In comments on the proposed temporary practice rule, the large firms recommended additional language that would allow a lawyer authorized to practice law in a U.S. jurisdiction to provide legal services that exclusively involve federal law, the law of another jurisdiction or tribal law, provided the lawyer does not hold himself out in any way as having an office for the practice of law in New York.

 

This language, the firms said, would prevent UPL accusations against lawyers who live in New York and use technology to practice remotely as if they were physically in their state of admission, provided they do not practice New York law or hold themselves out as doing so. (See http://nycourts.gov/Rules/comments/PDF/received/TemporaryPractice.pdf. )

 

Arizona had the foresight to address this problem in changes adopted this year, Davis noted, referring to a package of changes made to Arizona Rule of Professional Conduct 5.5 and Arizona Supreme Court bar admission rules. The changes were made in August and go into effect Jan. 1.

Opposition From Third Department

After Model Rule 5.5 was adopted in 2002, the New York State Bar Association asked the New York court system to adopt a version of the ABA rule. In New York changes to professional conduct rules must be approved by a board consisting of the chief judge and the presiding justices of the four supreme court appellate divisions. The board rejected the state bar's request—twice.

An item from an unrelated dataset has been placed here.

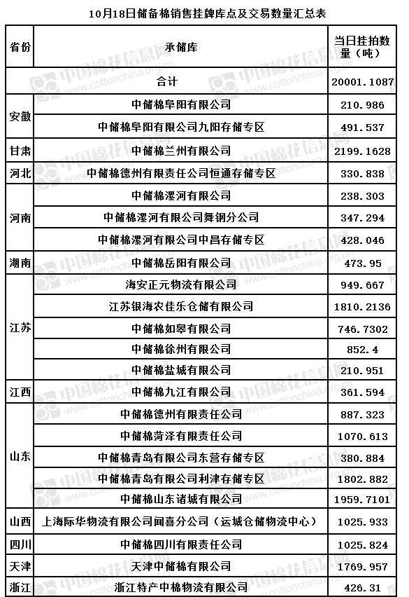 文章原地址:關(guān)于發(fā)布10月18日儲(chǔ)備棉銷售掛牌庫(kù)點(diǎn)及數(shù)量的公告

However, the idea of adopting a version of Rule 5.5 was strongly supported by outgoing Chief Judge Jonathan Lippman, who had to retire at the end of this year because he is 70 years old. In September—with only a few months remaining for Lippman to accomplish any reforms—the court of appeals floated the temporary practice rule for comment as a proposed court rule, making it unnecessary to obtain approval from the presiding justices of the appellate divisions. See 31 Law. Man. Prof. Conduct 547.

Comments submitted on the proposed temporary practice rule shed some light on why the earlier MJP proposals were rejected by the board. In a letter dated Nov. 3, the Committee on Professional Standards of the Appellate Division's Third Department, expressed opposition to the proposal for numerous reasons.

Among other things, the committee said that it's unfair to New York lawyers, who must register, pay registration fees and comply with CLE requirements, to let out-of-state attorneys practice in New York without these obligations. Also, the committee said that if out-of-state attorneys are permitted to handle legal business and transactions typically performed by New York attorneys, that would have the effect of “reducing the number of legal business and transactions performed by admitted attorneys and increasing the competition for legal business opportunities for admitted attorneys.”